Pashtun’s make up 42% of the population and not all of them support the Taliban. The rest of the country is mostly an ethnic mix from the surrounding “STans”. A Disparate mix for sure, but few who like the Taliban. These are the Average Afghani’s I was mostly referring to.
Your starting to worry me Brachiator. I don’t know what national interest AQ has, but mine is to kill every last one of them. Pretty much the same goes for the Taliban, who were more than just hosts for a vacationing OBL, at his many fun camps dedicated to causing the violent destruction of the western world.
And the response in Vietnam was to a NV gunboat attack that didn’t happen. And that’s like 9-11 how? Further that rebuilding Afghan. alone won’t change the place, but it is a vital ingredient along with a better military response.
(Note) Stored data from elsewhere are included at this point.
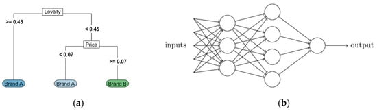 A simple tree machine learning schematic approach based on RF classifier [20] (a), and schematic NN layout (b).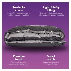 At Slumberdown, we believe everybody deserves a better night's sleep. The Slumberdown Coverless Comfort duvet and matching pillow cases have been designed to be stylish, comfortable and exceptionally convenient. The coverless comfort duvet is filled with our light and lofty fibres and has a reversible cover so you can choose from the beautiful white with grey stripe cover or the darker soft touch grey cover. This 10.5 tog duvet is perfect for all year round use. Packaging contains 30% recycled materials. Made in the UK.
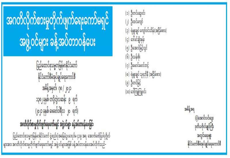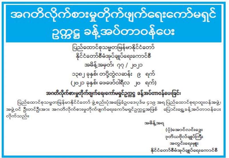 နိုင်ငံတော်စီမံအုပ်ချုပ်ရေးကောင်စီ၏ ပြည်သူသို့အသိပေးချက် နိုင်ငံတော်၏အကျိုးကို သယ်ပိုးဆောင်ရွက်ရန်အတွက် နိုင်ငံ့တာဝန်များကို မပျက်မကွက် ဆက်လက် ထမ်းဆောင်လျက်ရှိသည့် နိုင်ငံ့ဝန်ထမ်းများ လုပ်ငန်းခွင် မဝင်နိုင်အောင် နိုင်ငံတော်ကို ဆန့်ကျင်နှောင့်ယှက်မှုပြုနေသူအချို့က နည်းအမျိုးမျိုးဖြင့် ဖိအားပေးခြင်း၊ ခြိမ်းခြောက်ခြင်းများ ပြုလုပ်နေကြောင်းကို ကြားသိနေရပါသည်။ ဖိအားပေးခြိမ်းခြောက်သူများအနေဖြင့် ယင်းလုပ်ရပ် များသည် ဥပဒေနှင့်ဆန့်ကျင်သကဲ့သို့ မိမိ၏အခွင့်အရေးနှင့် လွတ်လပ်ခွင့်များကို ကျင့်သုံးခြင်း ဆိုင်ရာ မူသဘောတရားများနှင့်လည်း ဆန့်ကျင်နေပါသည်။ ဝန်ထမ်းမဟုတ်သူ ပြည်သူလူထု အချင်းချင်းကြားတွင်လည်း အလားတူ
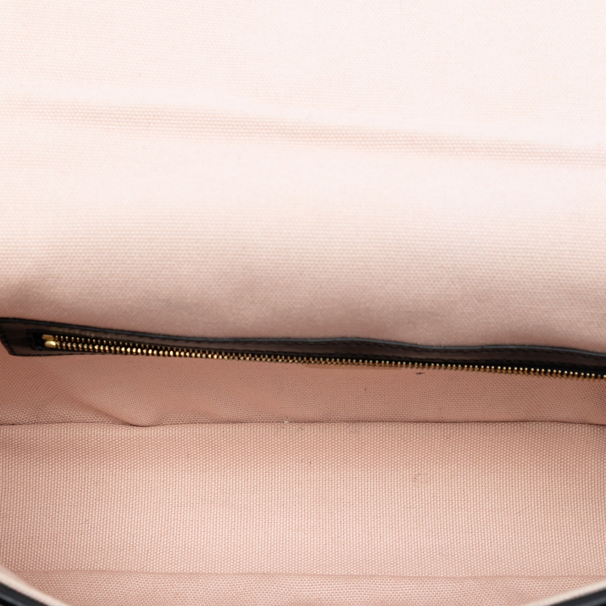 The Baguette features an embroidered canvas body with leather trim, a detachable leather top handle, a detachable canvas strap, a front flap with magnetic closure, and an interior zip pocket. Retail Price: 3500.00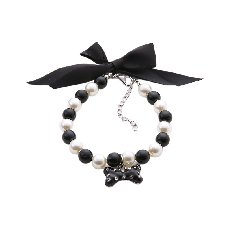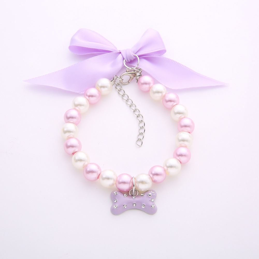 foreign trade in stock bone pet necklace bow pet decorations pearl collar pet lettering identity nameplate
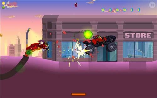 2、boss枪械车,背后带有机枪,中级伤害,每次五发,第一时间可以跳高点把枪手干掉,枪手一出现就第一时间干掉,这样可以降低对付它的难度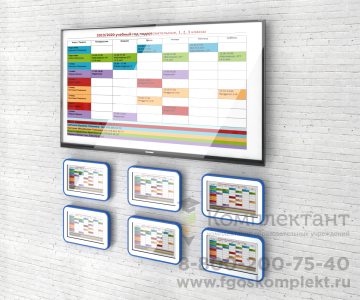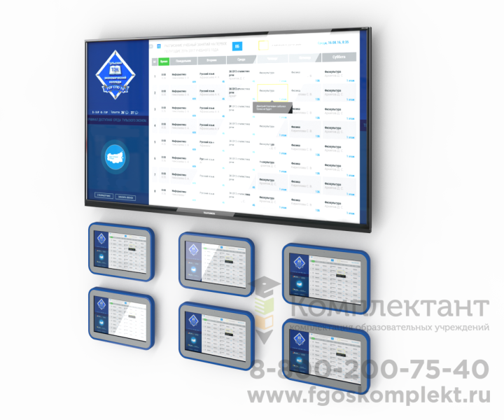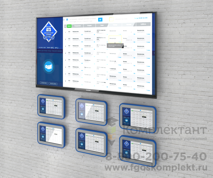 Интерактивное расписание предназначено для просмотра расписания (для школ, Вузов). Благодаря 6-ти дополнительным сенсорным мониторам диагональю 15" , с дублированием информации, которые устанавливаются на разных этажах учреждения, ученики всегда будут знать актуальную информацию.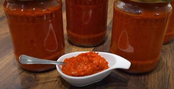 Priprema: Paprike operite i ispecite ih u rerni. To isto uradite i sa patlidžanom. Zatim paprike i patlidžan očistite od kore i semenki. Isecite sitno, pa u blenderu sameljite. Zatim sve stavite u vrelo ulje i pržite na ringli u šerpi dok se dobro ne uprži zajedno sa sirćetom, soli i šećerom.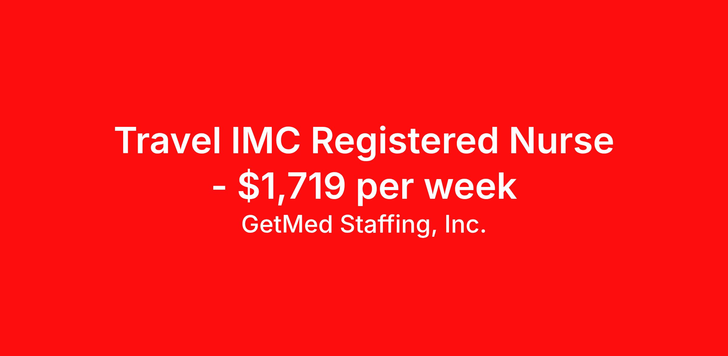 GetMed Staffing, Inc. is seeking a travel nurse RN Intermediate Care for a travel nursing job in Leonardtown, Maryland. Job Description & Requirements Specialty: Intermediate Care Discipline: RN Start Date: 04/13/2026 Duration: 13 weeks 36 hours per week Shift: 12 hours, days Employment Type: Travel GetMed Staffing is searching for a strong Intermediate Care RN to assist our traveler-friendly client. A minimum of 1-2 years of experience is required. Traveling with GetMed Staffing offers the unique opportunity to gain diverse experiences, both personally and professionally. Gain experience that matters. GetMed Staffing, Inc. Job ID 36054529. Pay package is based on 12 hour shifts and 36.0 hours per week (subject to confirmation) with tax-free stipend amount to be determined. Posted job title: RN:IMC,07:00:00-19:00:00 About GetMed Staffing, Inc. We are a diversity owned company, specializing in healthcare recruiting services. We truly understand how important a healthcare travelers' relationship is with their recruiter, as well as our relationship is with our healthcare facilities. We recognize that the needs of our healthcare travelers can vary, and therefore we provide the personalized touch necessary to ensure a successful travel assignment each and every time. Our healthcare facilities and clients benefit from us putting our healthcare travelers first. GetMed Staffing is excited to be a leader within the industry by focusing on providing healthcare travelers with more choices and possibilities as they plan for their next healthcare travel assignment. Benefits Life insurance Medical benefits Dental benefits Vision benefits 401k retirement plan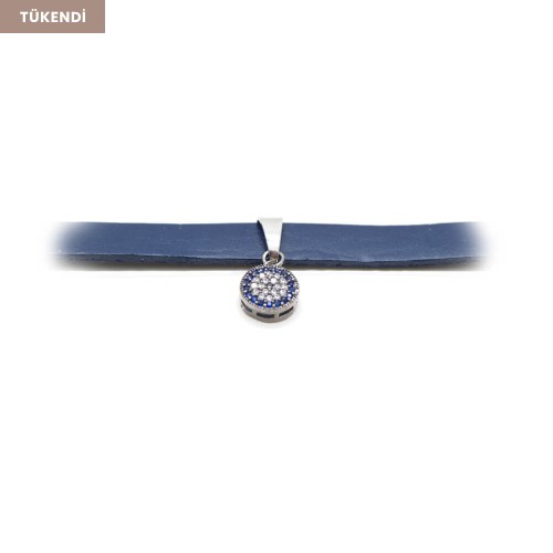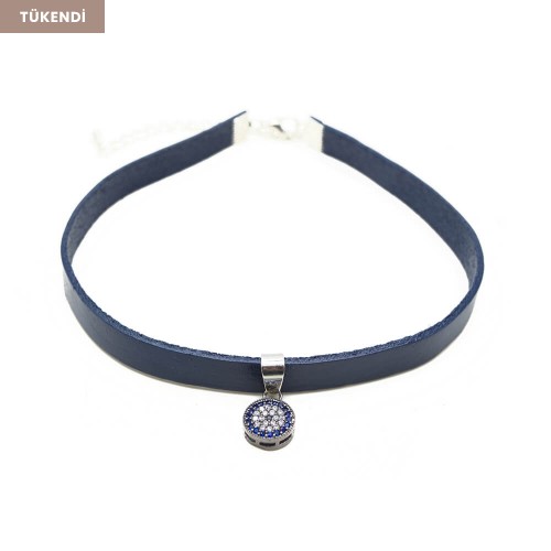 - Lacivert deri zirkon uçlu tasma choker kolyedir.

May not work, but the alternative is worse.
Catfish N. Cod
Well, let’s step back a moment from recent history and review a few fundamentals.
1) Peshawar is not only a major city in Pakistan — it controls the Khyber Pass, the main route from northern Pakistan into Afghanistan. Neither state can afford to have bandits raiding a major trade choke point.
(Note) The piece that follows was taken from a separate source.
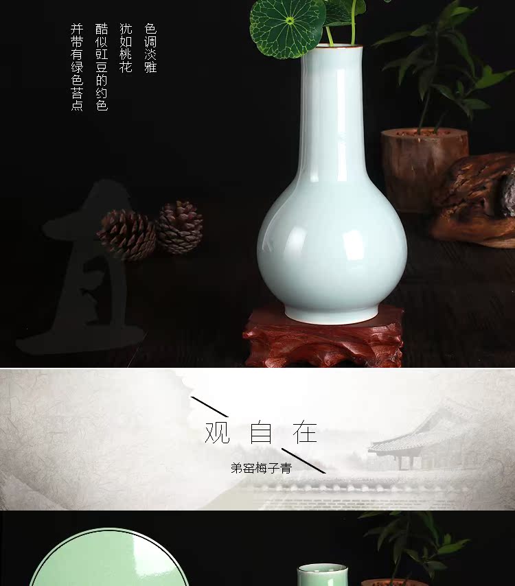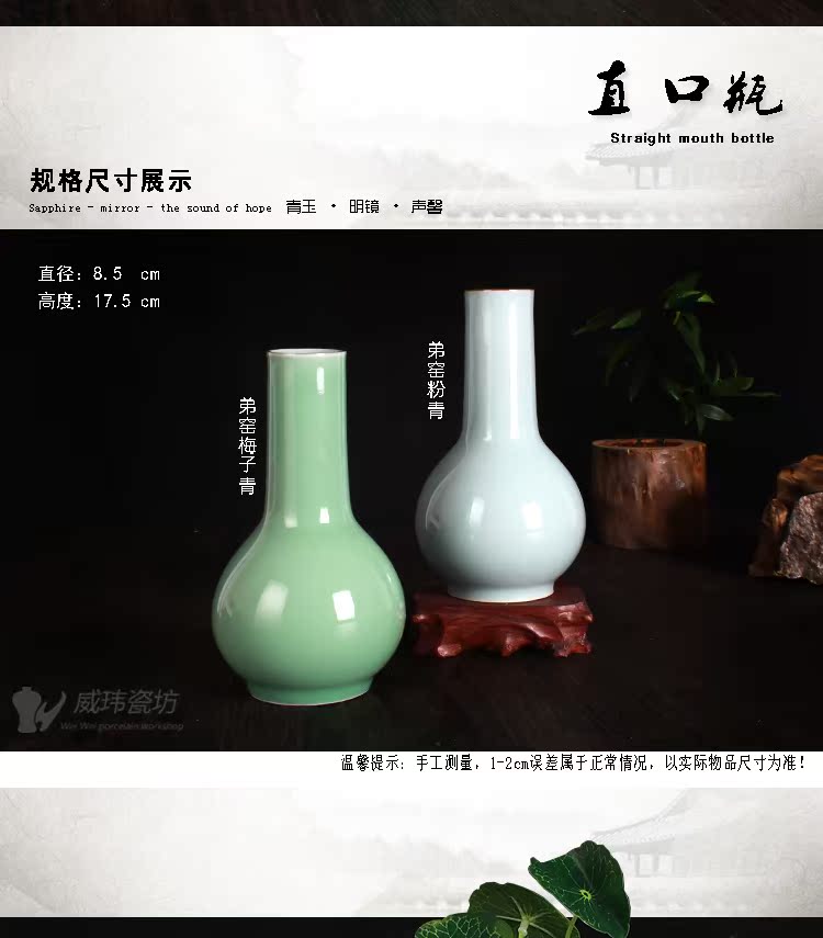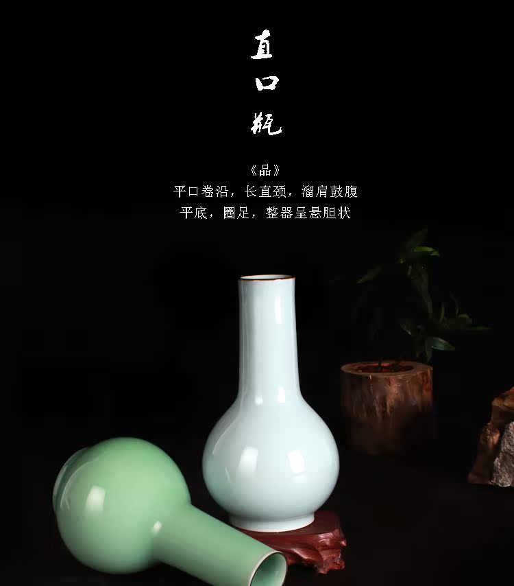 第窯粉青龍泉青瓷直口瓶迷你純手工臺面花插擺件簡約小號陶瓷威瑋青瓷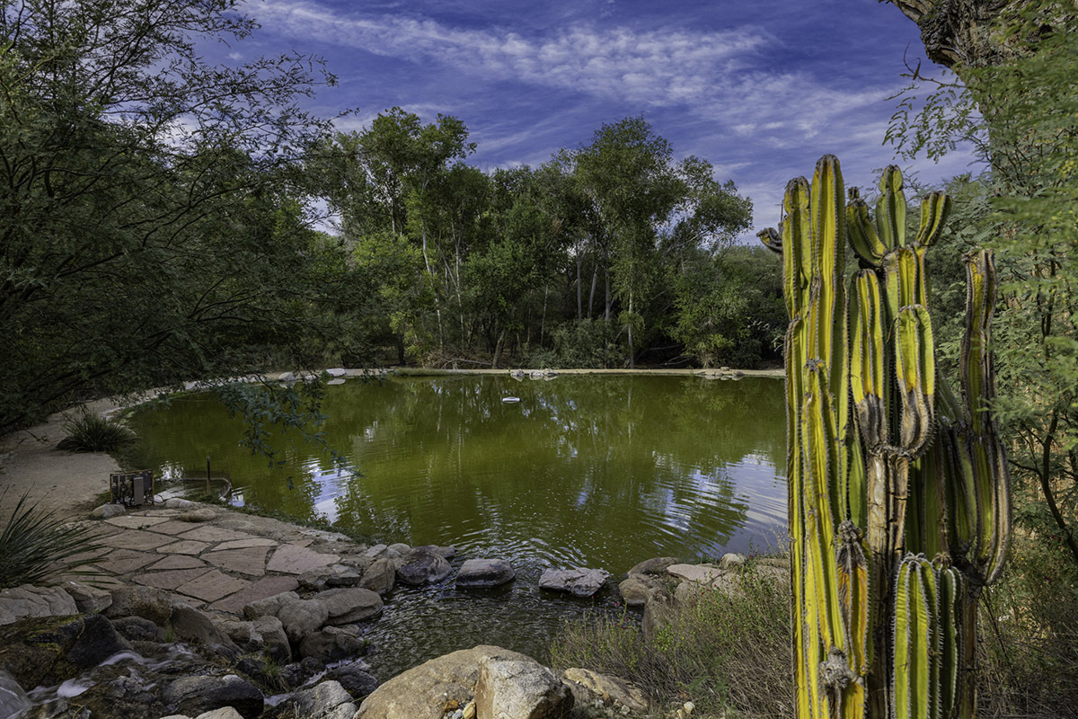 The centerpiece of the tranquil property may be the Pecan Orchard and the many varieties of fruit trees including apples, peaches, lemons, limes, pomegranates, and tangelos, harboring an abundance of wildlife.

2) Excepting jailbreak raids and suicide attacks in Kabul, all — ALL — of the fighting in the area since we entered the conflict post-Eleventh has taken place in Pashtun territory. This is true on both the Afghan and Pakistani sides of the mountain range. Pashtuns live on both sides, and see the border as an external artificiality that has nothing to do with them… and have for centuries.
3) There are two basic and simple ways to shut Al-Qaeda, the Taliban, and the Pashtuns down —
a) Control both sides of the Hindu Kush and place the whole area under economic siege. Yeah, good luck with that — numerous powers have tried and failed. The logistics are a nightmare, and the cultures on either side of the range are VERY different.
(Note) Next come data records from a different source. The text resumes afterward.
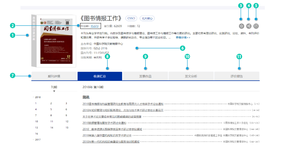- 期刊详情展示查看期刊的详尽信息,包括曾用名、主办单位、ISSN号等基本信息,以及期刊的获奖情况、国内外数据库收录情况等。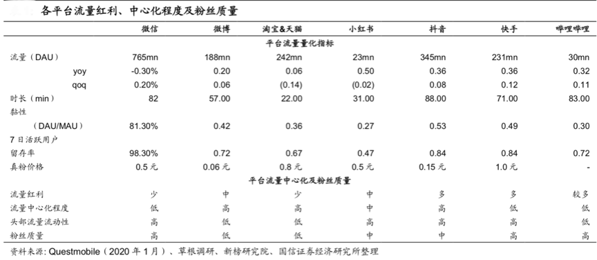 建立健全“品牌私域流量體系”需要企業(yè)深度洞察互聯(lián)網(wǎng)平臺競爭動態(tài),放大各平臺流量紅利,視其流量紅利、中心化程度及粉絲質(zhì)量重構(gòu)“品牌經(jīng)營邏輯”,需要更加重視抖音、快手等崛起新力量,同時強化淘寶天貓等基礎商業(yè)交易陣地,持續(xù)放大“微信主陣地”價值。根據(jù)Questmobile、草根調(diào)研、新榜研究院和國信證券研究所等綜合資訊表明,從日活用戶數(shù)角度看,微信一家獨大,其次是抖音,在之后淘寶 &天貓、快手、微博相差不多,嗶哩嗶哩與小紅書則更加垂直。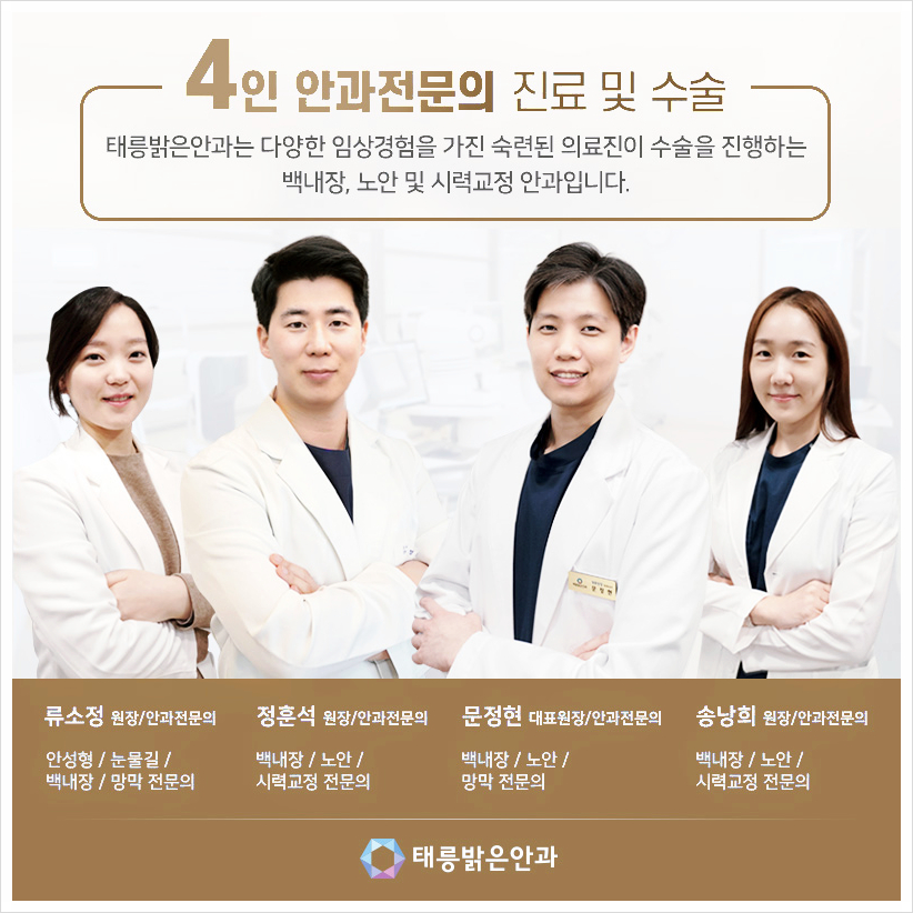 자세한 상담 및 예약은 언제든지 태릉밝은안과 홈페이지로 전화 상담 가능합니다.노원 백내장 수술은 역시 4명의 안과 전문의와 대학병원급 장비를 보유한 태릉밝은안과에서 해야 합니다.

b) Bite the bullet and create Pashtunistan. The Pashtuns, bereft of an enemy and with power to divide, would turn on each other in a heartbeat. Unfortunately, this would put the new border WAY too close to Pakistan’s uranium mines, so it’s really not a strategic option.
Delia
Here’s the overall thing to keep in mind. No outsider has permanently controlled the region now known as Afghanistan since before the time of Alexander the Great. (“Kandahar” is a local form of the name “Alexander,” but the Greek reign didn’t survive his death.) If anyone thinks we can beat those odds, then American exceptionalism has truly run amok.